It’s like looking at the stars. Steve’s heart skips a beat when those dark eyes of hit him, and Steve wants nothing more than to make Eddie smile—no, better than that, to make him laugh, just so he can watch Eddie’s adam’s apple bob up and down and hear that manic, unhinged cackle. It’s downright delightful. Steve loves being in relationships like this, where it’s all consuming.
Steve may not have the memories of falling in love with Eddie, but he has all the feelings.
No one talks about it with Steve, of course. Maybe they think it’s going to be too heavy for him to process that he’s into dudes now, but Steve isn’t a big dumb baby. Sure, he’s got a pretty severe brain injury, and yeah, alright, it takes him a minute to remember people’s names sometimes, and he has a harder time controlling his emotions, but he isn’t a complete invalid. Only a little bit of one. He’s working on it, dammit.

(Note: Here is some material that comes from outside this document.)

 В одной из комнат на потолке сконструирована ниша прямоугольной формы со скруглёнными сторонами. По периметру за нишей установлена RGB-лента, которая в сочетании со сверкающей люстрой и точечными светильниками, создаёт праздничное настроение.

And Eddie is so painfully, frustratingly patient with him. He never pushes. He’s clearly letting Steve retrieve his memories before he makes a move, because despite his whole outward appearance, Eddie Munson is a goddamn gentleman. He never so much as reaches for Steve’s hands, but Steve can tell by the way their pinkies graze when they watch movies late at night that he wants to.

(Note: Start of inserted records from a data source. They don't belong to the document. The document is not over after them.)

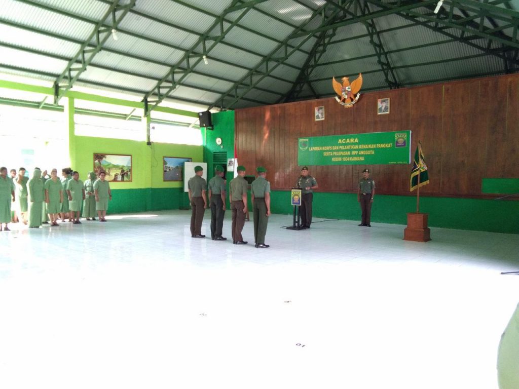 Pada kesempatan tersebut Dandim 1804/Kaimana menyampaikan ucapan selamat kepada anggota yang naik pangkat baik Perwira,Bintara dan Tamtama. Kenaikan pangkat adalah sebuah prestasi tersendiri bagi seluruh anggota, bahkan mengandung makna yang penting bagi setiap anggota dan kebanggaan keluarganya.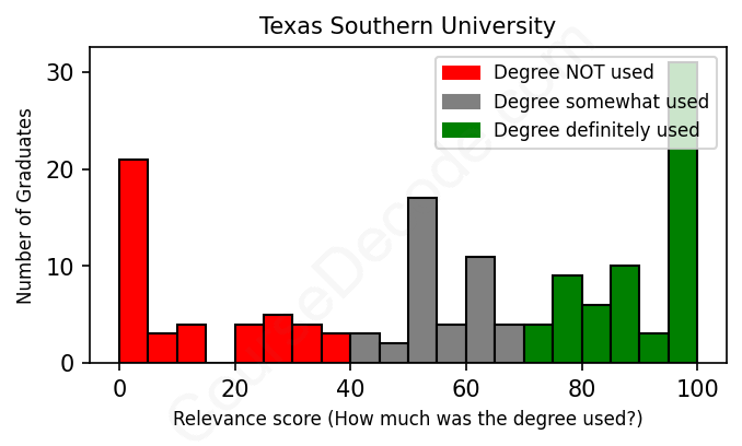 Of all the Texas Southern University graduates we've analyzed, here's how many have used (or NOT used) their degree in their career according to our analysis: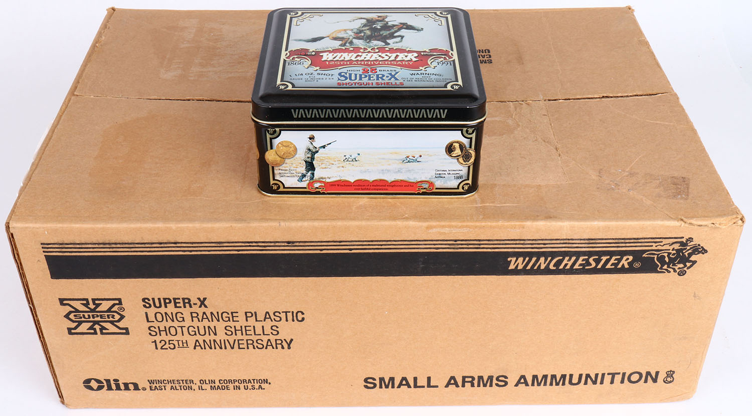 Winchester, Super-X 125th ANNIVERSARY, Case of 12 Tins in original Case, 300rds, 1866-1991, 12ga., 1pc., FULL, shot size 6, box is solid, Shells are excellent. Grade: MINT - Value: 400 to 1000

Steve can tell by the way Eddie teases him, the way he’s there with him through his recovery, that he doesn’t ever make Steve feel stupid when he asks the same questions over and over again, when he cries at the drop of a hat or when he gets sort of confused about the lay out of his apartment—he doesn’t care about that of that.
Because he’s in love with Steve. It’s so painfully romantic, it brings a painful lump to Steve’s throat every time he thinks too much about it.
The two of them are driving to one of Steve’s therapy sessions, Eddie in the driver's seat, Steve in the passengers, listening to a low racket of some kind of heavy metal music. Eddie always keeps the volume low now, for Steve.
He’s just been so intensely good about everything that Steve needs to try and do something good for Eddie in return. He needs Eddie to know that there’s a light at the end of this tunnel that they’re both currently lost in.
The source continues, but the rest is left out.